_Exercise description_: Everything in the data below except the pictures must be repeated word for word.

_Supplied data_:
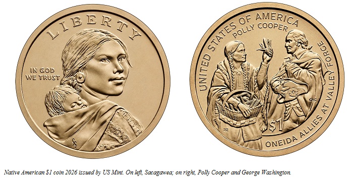 WASHINGTON (United States): The United States Mint earlier this week released its 2026 Native American $1 coin in recognition of Oneida member Polly Cooper.
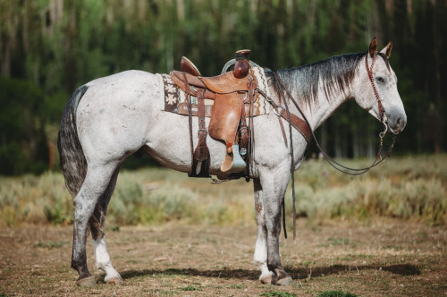 Rowdy is a good solid 15.2 hand gelding with a lot of ability. This big grey gelding will work great for a rancher, trail rider, roper, or will happily be a "go-to-the-mountains" kind of horse. He rides well in the arena, good outside and will go where you point him. Rowdy is a big easy-moving gelding who is built to last. He is sound and sane!
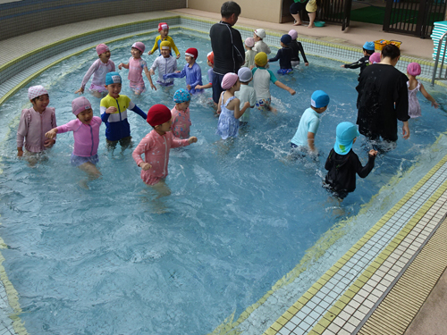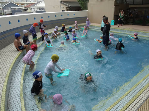 天気予報は良くなかったのですが、レーダー上、意外に雨が降らないことが予想されたため、予定のクラスはプール入水や水遊びの着替え準備をしました。

_Result of this task_:
 WASHINGTON (United States): The United States Mint earlier this week released its 2026 Native American $1 coin in recognition of Oneida member Polly Cooper.
 Rowdy is a good solid 15.2 hand gelding with a lot of ability. This big grey gelding will work great for a rancher, trail rider, roper, or will happily be a "go-to-the-mountains" kind of horse. He rides well in the arena, good outside and will go where you point him. Rowdy is a big easy-moving gelding who is built to last. He is sound and sane!
 天気予報は良くなかったのですが、レーダー上、意外に雨が降らないことが予想されたため、予定のクラスはプール入水や水遊びの着替え準備をしました。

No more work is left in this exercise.